The greenfields regulation issue is likely to arise in respect of any proposal to bring gas from Victoria to South Australia, taking advantage of gas discoveries in Victoria’s Otway Basin.

 

There have been recent press reports that fieldwork has already commenced on a 670 km pipeline from Port Campbell to Adelaide, to be owned by Australian National Power and Origin Energy. Reports indicate the pipeline could deliver a volume of gas equivalent to 50 per cent of the gas currently received from the Moomba pipeline. This adds to a broader picture of a multiplicity of projects to pipe gas into South Australia, which are at various stages of development and certainty. From our perspective, this raises both regulatory and competition issues.

 

Dealing first with the regulatory angle, there has been some speculation that following the Australian Competition Tribunal’s decision in the Eastern Gas Pipeline matter, the proposed Port Campbell to Adelaide would not be covered under the Gas Code.

 

While such a determination is outside the ACCC’s purview, my view is that the Tribunal’s decision on the Eastern Gas Pipeline appears to have been made mainly on the facts of the particular situation, rather than making any new definitive statement of the law relating to coverage under the Gas Code. Accordingly, each project must be assessed on its merits in the context of the specific circumstances of the project.

 

Should the proposed pipeline be covered, the ACCC remains committed to a facilitative approach to regulation, with a view to encouraging long-term solutions to South Australia’s energy problems.

 

New pipeline projects raise the prospect of competition between upstream sources of gas.
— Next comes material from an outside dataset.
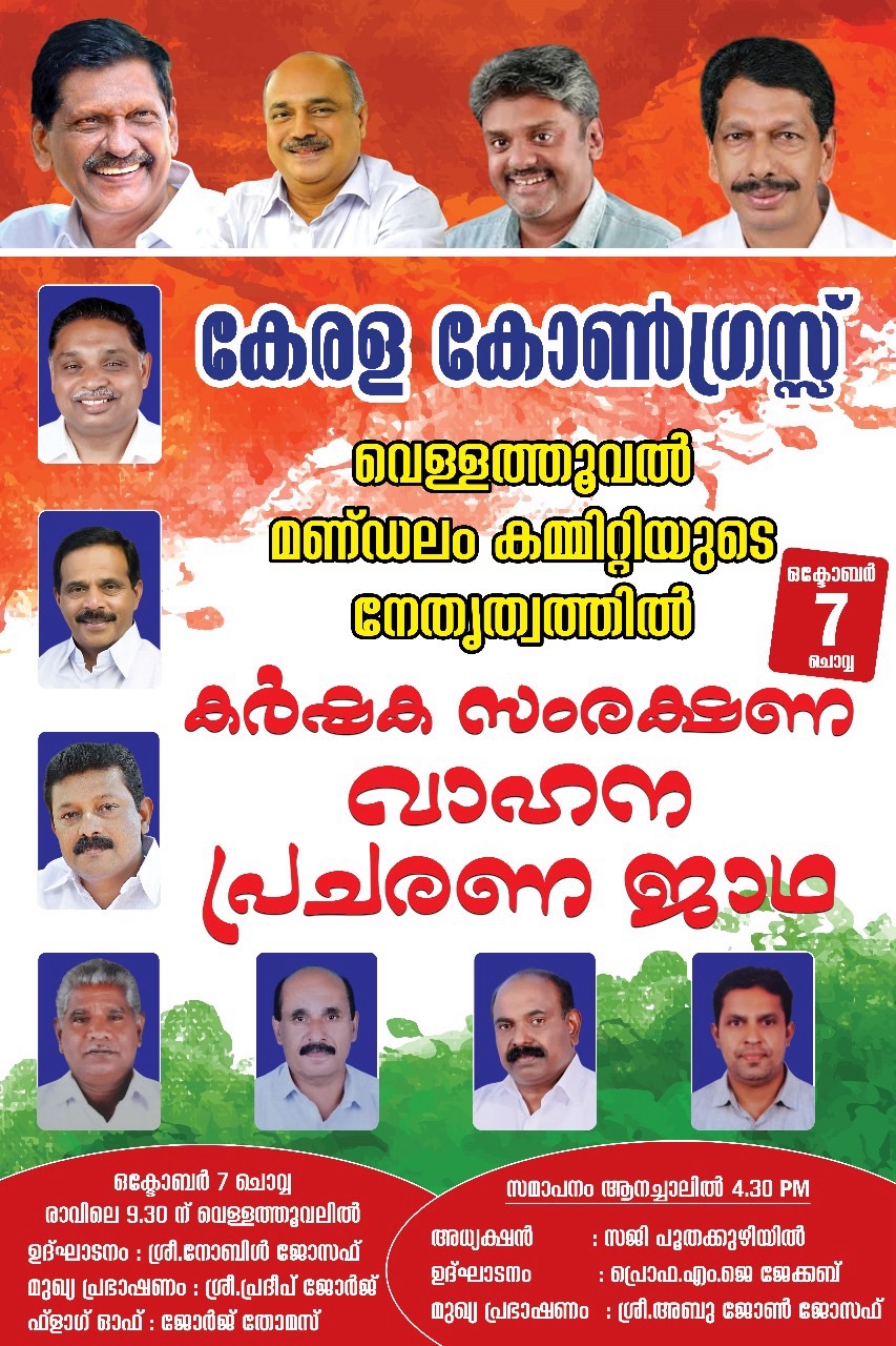 നിർമ്മാണ നിരോധനം പിൻവലിക്കുക, ഭൂപതിവ് നിയമ ഭേദഗതി ചട്ടങ്ങളിലെ കർഷക – ജനവിരുദ്ധ നിർദ്ദേശങ്ങൾ റദ്ദാക്കുക, കല്ലാർകുട്ടി ഡാം മേഖലയിലെ പത്ത് ചെയിൻ പട്ടയ പ്രശ്നങ്ങൾ പരിഹരിക്കുക, ദേശീയ പാതയിലെ നേര്യമംഗലം – വാളറ റോഡ് നിർമ്മാണത്തിനാവശ്യമായ സത്യവാങ്മൂലം ഹൈക്കോടതിയിൽ നൽകി റോഡ് നിർമ്മാണം പുനരാരംഭിക്കുക, വന്യമൃഗശല്യം തടയാൻ നടപടി സ്വീകരിക്കുക തുടങ്ങിയ ആവശ്യങ്ങളുന്നയിച്ചു കൊണ്ട് കേരളാ കോൺഗ്രസ് വെള്ളത്തൂവൽ മണ്ഡലം കമ്മറ്റി ഏഴിന് [07-10-2025 ചൊവ്വ ] കർഷക സംരക്ഷണ സമര ജാഥ നടത്തുന്നു…… രാവിലെ 9.30 – ന് വെള്ളത്തൂവലിൽ പാർട്ടി സംസ്ഥാന ഉന്നതാധികാര സമിതിയംഗം നോബിൾ ജോസഫ് ഉദ്ഘാടനം ചെയ്യും. പി.വി.അഗസ്റ്റിൻ അധ്യക്ഷത വഹിക്കും. മണ്ഡലം പ്രസിഡണ്ട് സജി പൂതക്കുഴി വിഷയാവതരണം നടത്തും. ജില്ലാ സെക്രട്ടറിയേറ്റംഗം പ്രദീപ് ജോർജ് മുഖ്യപ്രഭാഷണം നടത്തും.ബ്ലോക്ക് കോൺഗ്രസ് വൈസ് പ്രസിഡണ്ടുമാരായ റോയി പാലയ്ക്കൽ, സജികുമാർ, അമൽ പള്ളിക്കര എന്നിവർ പ്രസംഗിക്കും. ബ്ലോക്ക് കോൺഗ്രസ് മുൻ പ്രസിഡണ്ട് ജോർജ് തോമസ് സമര ജാഥ ഫ്ളാഗ് ഓഫ് ചെയ്യും….. കല്ലാർകുട്ടി, ആയിരമേക്കർ, കൂമ്പൻപാറ ഫോറസ്റ്റ് ഓഫീസ് ജംഗ്ഷൻ, ശെല്യാംപാറ , മുതുവാൻകുടി, ഈട്ടി സിറ്റി, മേരിലാന്റ്, പോത്തുപാറ എന്നീ സ്ഥലങ്ങളിൽ പര്യടനം നടത്തും…………………… കുഞ്ചിത്തണ്ണിയിലെ പൊതുസമ്മേളനം കേരള കർഷകയൂണിയൻ സംസ്ഥാനപ്രസിഡണ്ട് വർഗീസ് വെട്ടിയാങ്കൽ ഉദ്ഘാടനം ചെയ്യും. പീറ്റർ പൂണേലിൽ അധ്യക്ഷത വഹിക്കും. കോൺഗ്രസ് മണ്ഡലം പ്രസിഡണ്ട് സി.ഡി. ടോമി, ബ്ലോക്ക് സെക്രട്ടറിമാരായ കെ.എൻ.സജീവ്, ഗിരി കുമാർമുസ്ലീംലീഗ് ജില്ലാക്കമ്മറ്റിയംഗം ഹനീഫാ അറയ്ക്കൽ യൂത്ത് കോൺഗ്രസ് മണ്ഡലം പ്രസിഡണ്ട് ഗുണശേഖരൻ യൂത്ത് ഫ്രണ്ട് മണ്ഡലം പ്രസി ഡണ്ട് ബോബിൻ ജോയി കേരളാ കോൺഗ്രസ് മണ്ഡലം വൈസ് പ്രസിഡണ്ട് ജോർജ് കുന്നും പുറത്ത് എന്നിവർ പ്രസംഗിക്കും……………….. ആനച്ചാലിൽ നടക്കുന്ന സമാപന സമ്മേളനം യു.ഡി.എഫ് ജില്ലാ കൺവീനർ പ്രൊഫ.എം.ജെ.ജേക്കബ് ഉദ്ഘാടനം ചെയ്യും. മണ്ഡലം പ്രസിഡണ്ട് സജി പൂതക്കുഴിയിൽ അധ്യക്ഷതവഹിക്കും. സംസ്ഥാന കോ-ഓർഡിനേറ്റർ അപു ജോൺ ജോസഫ് പ്രോഗ്രാം കോ-ഓർഡിനേറ്റർ സാബു കുന്നുംപുറത്ത് ദേവികുളം നിയോജകമണ്ഡലം പ്രസിഡണ്ട് ബാബു കീച്ചേരിൽ യു.ഡി.എഫ് നിയോജകമണ്ഡലം ചെയർമാൻ എം.ബി സൈനുദ്ദീൻ കൺവീനർ ഓ .ആർ.ശശി സി.എം.പി. ജില്ലാ സെക്രട്ടറി കെ.എ. കുര്യൻ, ജെ.എസ്.എസ് സംസ്ഥാന വൈസ് പ്രസിഡണ്ട് പി.സി. ജയൻ മുസ്ലീംലീഗ് താലൂക്ക് പ്രസിഡണ്ട് ബഷീർ ഡി.സി.സി. മെമ്പർ റ്റി.ജി സോമൻ കേരളാ കോൺഗ്രസ് സംസ്ഥാനകമ്മറ്റിയംഗങ്ങളായ പി.വി.അഗസ്റ്റിൻ, കുര്യാക്കോസ് ചേലമൂട്ടിൽ, ജില്ലാ ട്രഷറർ മാത്യൂസ് തെങ്ങുംകുടി ജില്ലാ സെക്രട്ടറിയേറ്റംഗം ലാലു മാടപ്പാട്ട് കർഷക യൂണിയൻ ജില്ലാ സെക്രട്ടറി പ്രവീൺ ജോസ് നിയോജകമണ്ഡ

Such competition can potentially deliver more certainty of supply and lower prices to South Australian consumers.

 

Conclusion

 

So that’s the view from one regulator. We and our colleagues in NECA, NEMMCO and the State regulators will proceed within the frameworks governments have given us. But over the coming period, much of the focus will shift back to governments. Their renewed interest in energy matters and markets must be seen as welcome. There are dangers to be avoided, but the potential gains are great.

 

Let us all do our best to see that the efforts of governments are directed towards market-based outcomes, that time isn’t wasted reinventing wheels and throwing open reasonably settled issues, and that interstate rivalries and jealousies do not override the national interest.